She canceled the eviction notice and wrote a cheque to Wettlaufer for $2,500. In August 2011, she declined Wettlaufer's request to co-sign a loan to buy a commercial truck but agreed to buy it herself and then lease it to him for $1,000 per month. She subsequently bought the truck that became the centre of the dispute for $92,500 from a Prince George dealership.

Then, in early fall 2011, she bought a pickup truck for Wettlaufer with the thought that he could sell his own pickup and repay some of the debt owed to her and her business. Wattlaufer never made any payments and some months later the pickup was stolen with the insurance proceeds paid directly to Holat's business.

Holat also secured a corporate fuel card for the commercial truck and Wettlaufer ran up $43,669 against the account over the next four months.

On the last day of 2011, Wettlaufer went into an insurance agent and through a transfer-tax form became the truck's registered owner. In an amended notice of civil claim, Hotlat alleged Wettlaufer forged Holat's signature on the document to fraudulently obtain an owner's certificate of insurance and a vehicle licence naming him the owner.

Wettlaufer initially told police he had seen Holat sign the transfer-tax form but when he learned a handwriting expert concluded the signature was not Holat's, he changed his story, Funt noted, and said he did not see Holat sign the paper.

In the first week of January 2012, Stuart Raymond Robinson saw the truck for sale for $65,000 on a popular internet website and flew from Vancouver to Prince George to make the purchase.

Holat never challenged the purchase price, Funt noted. "In other words, the price was not so low as to place Mr. Robson on notice of Wettlaufer's forgery or other irregularities," Funt said.

However, Funt ordered Robson return the truck to Holat. Under cross examination, Robson said he obtained a lien search from his bank but received no information regarding who was the lawful owner and relied on the owner's certificate Wettlaufer had shown him to answer that question.

"In other words, there was no evidence to support that any search involved the confirmation of a valid chain of title," Funt said and noted that during cross examination, Robson "conceded that internet websites may be used by unscrupulous people, although 'that was not in front of his mind.'"

Funt dismissed Wettlaufer's claim Holat had given him the truck and said God wanted him to have it, in part because she never had it registered in his name when it was first purchased.

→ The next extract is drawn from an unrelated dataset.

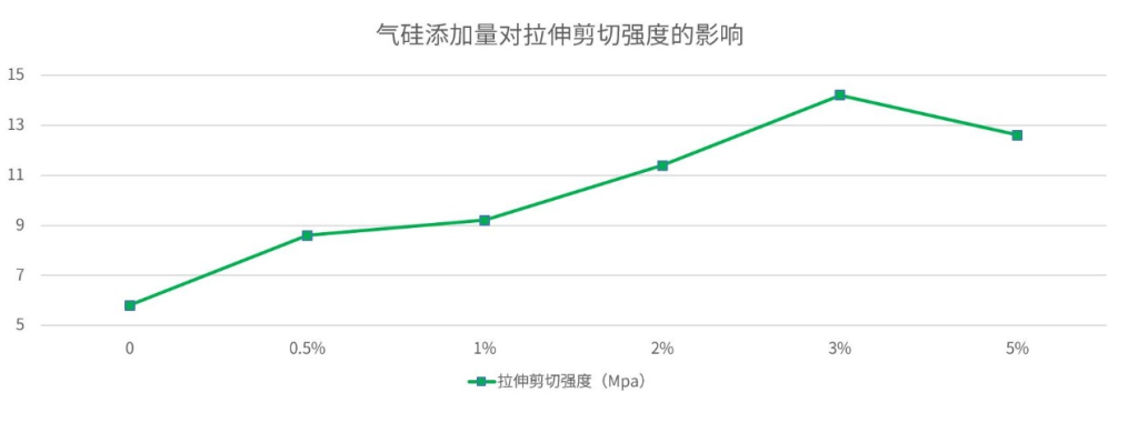 Аналогично, когда нагрузка достигла 5%, прочность на сдвиг немного снизилась до примерно 12,6 МПа. Это еще раз подтверждает принцип, что «умеренное добавление дает лучшие результаты, чем чрезмерная нагрузка». Хотя пирогенный диоксид кремния по своей природе обладает упрочняющими свойствами, его оптимальная дозировка не обязательно максимальна. В практическом производстве необходимо найти баланс между стоимостью наполнителя, сложностью обработки и конечными характеристиками, чтобы определить оптимальное соотношение компонентов в рецептуре.

Wettlaufer also claimed Holat made sexual advances to him that were distressing but when pressed by her lawyer, Mitch Houg, he could not explain why he did not repel any of the alleged advances or report them to police

During a police interview, Wettlaufer reported only one alleged instance and his tone of voice "reflected no emotional distress or vulnerability," Funt said in dismissing that aspect of Wettlaufer's claim.

Wettlaufer was ordered to pay Holat back the $2,500 loan, $6,000 for six months of lease payments, the $43,669 in fuel charges, plus $10,000 in punitive damages and $2,500 in special costs, adding up to $64,669.